### Required work
Could you please transcribe the data exactly, without the pictures?

### Data section

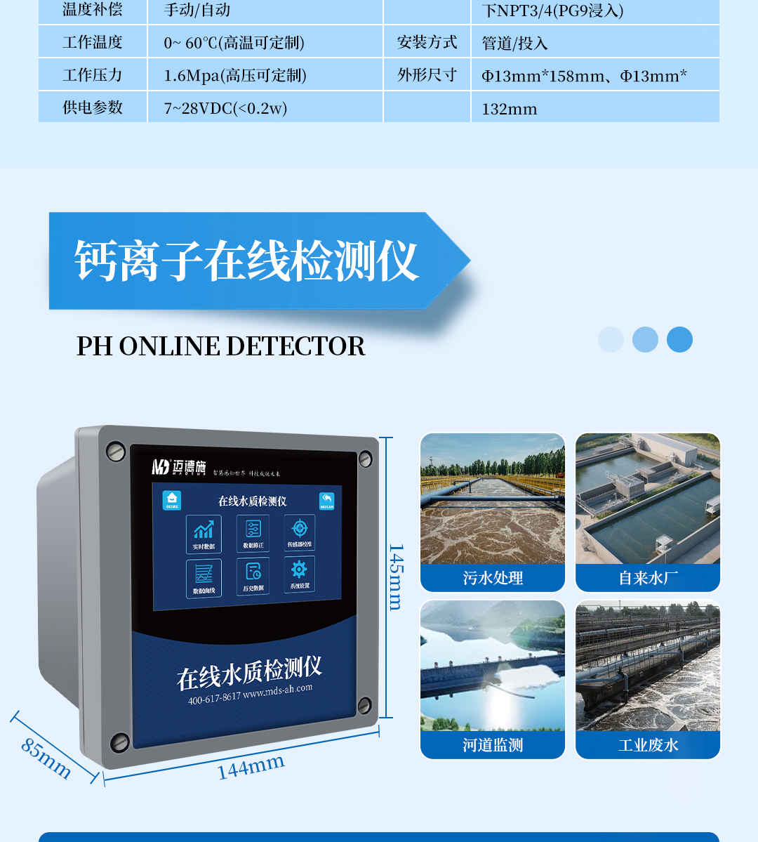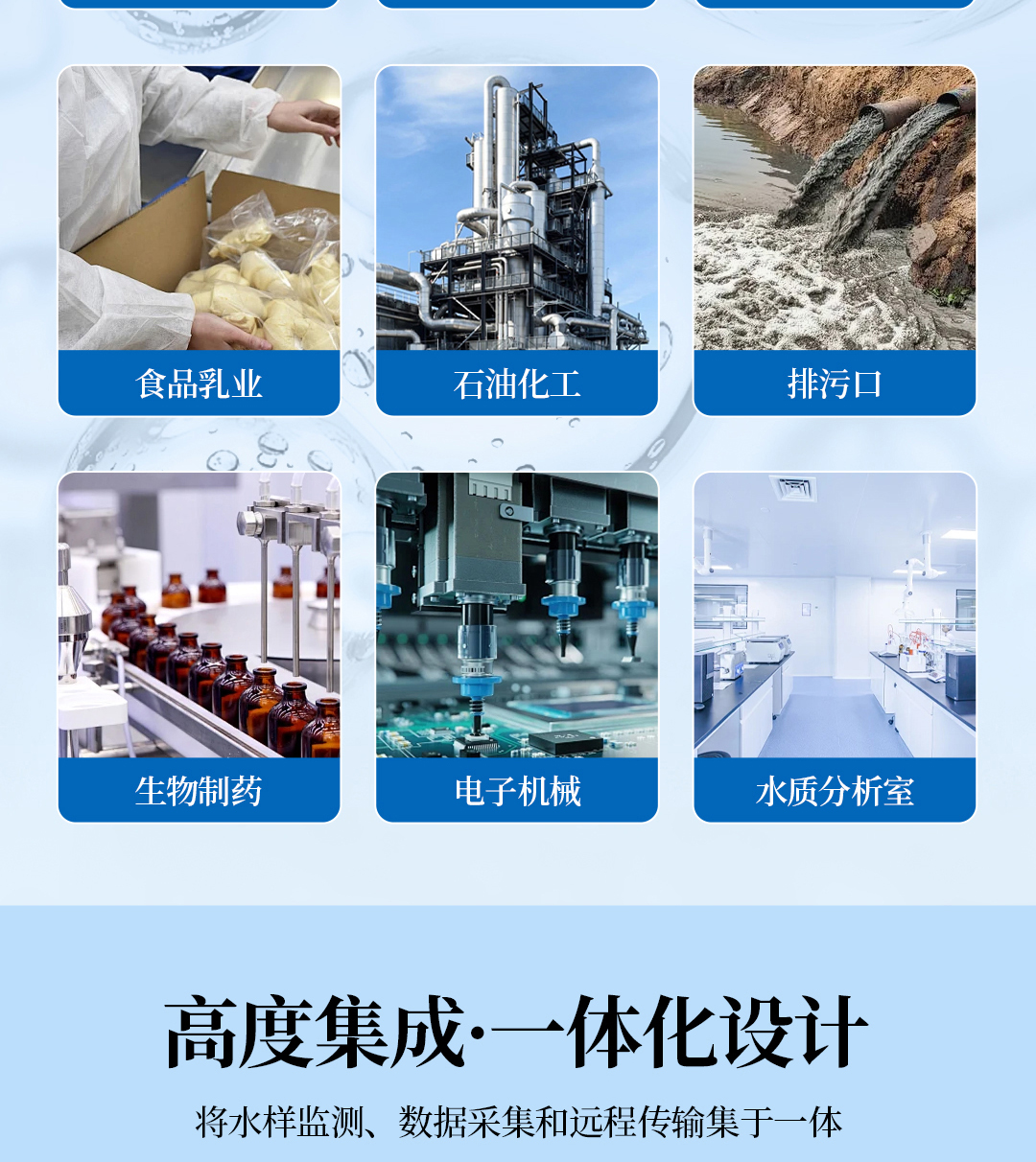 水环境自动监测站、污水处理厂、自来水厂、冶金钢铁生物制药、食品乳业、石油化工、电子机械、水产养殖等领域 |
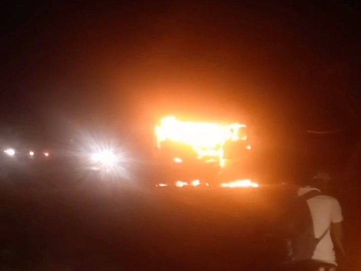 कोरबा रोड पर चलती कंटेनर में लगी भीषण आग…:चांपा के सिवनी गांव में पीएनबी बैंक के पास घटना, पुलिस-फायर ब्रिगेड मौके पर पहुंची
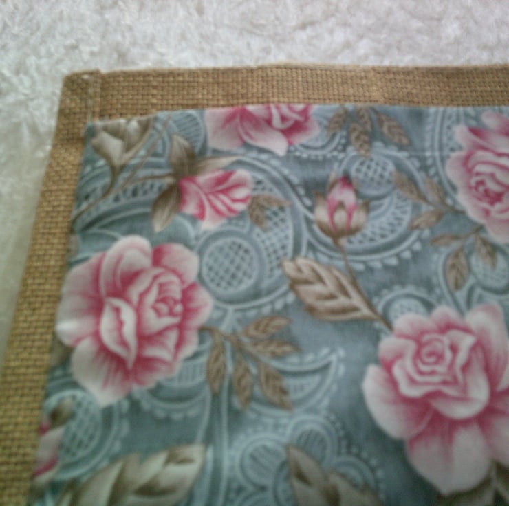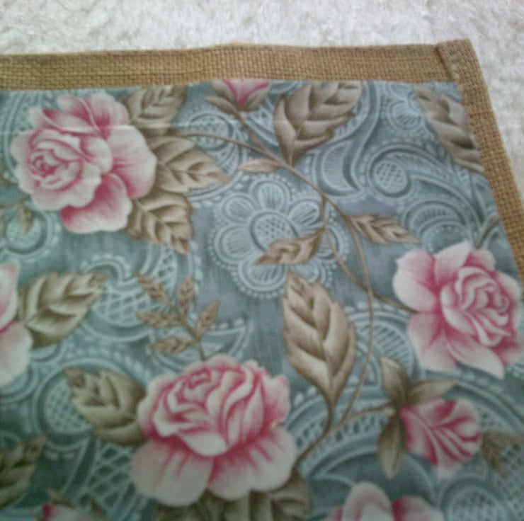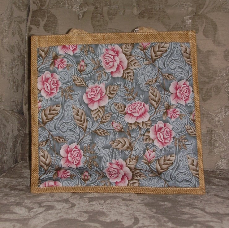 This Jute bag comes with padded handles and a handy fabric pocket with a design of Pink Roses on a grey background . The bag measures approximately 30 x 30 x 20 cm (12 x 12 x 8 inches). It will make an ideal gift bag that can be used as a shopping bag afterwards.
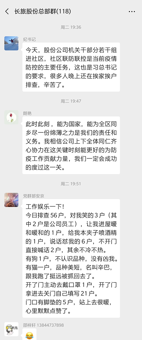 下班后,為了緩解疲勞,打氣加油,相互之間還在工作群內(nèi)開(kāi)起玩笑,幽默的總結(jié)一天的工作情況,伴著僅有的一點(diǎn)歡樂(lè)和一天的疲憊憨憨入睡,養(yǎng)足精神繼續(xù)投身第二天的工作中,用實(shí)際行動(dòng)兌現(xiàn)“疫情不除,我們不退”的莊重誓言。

### Task result
 水环境自动监测站、污水处理厂、自来水厂、冶金钢铁生物制药、食品乳业、石油化工、电子机械、水产养殖等领域 |
 कोरबा रोड पर चलती कंटेनर में लगी भीषण आग…:चांपा के सिवनी गांव में पीएनबी बैंक के पास घटना, पुलिस-फायर ब्रिगेड मौके पर पहुंची
 This Jute bag comes with padded handles and a handy fabric pocket with a design of Pink Roses on a grey background . The bag measures approximately 30 x 30 x 20 cm (12 x 12 x 8 inches). It will make an ideal gift bag that can be used as a shopping bag afterwards.
 下班后,為了緩解疲勞,打氣加油,相互之間還在工作群內(nèi)開(kāi)起玩笑,幽默的總結(jié)一天的工作情況,伴著僅有的一點(diǎn)歡樂(lè)和一天的疲憊憨憨入睡,養(yǎng)足精神繼續(xù)投身第二天的工作中,用實(shí)際行動(dòng)兌現(xiàn)“疫情不除,我們不退”的莊重誓言。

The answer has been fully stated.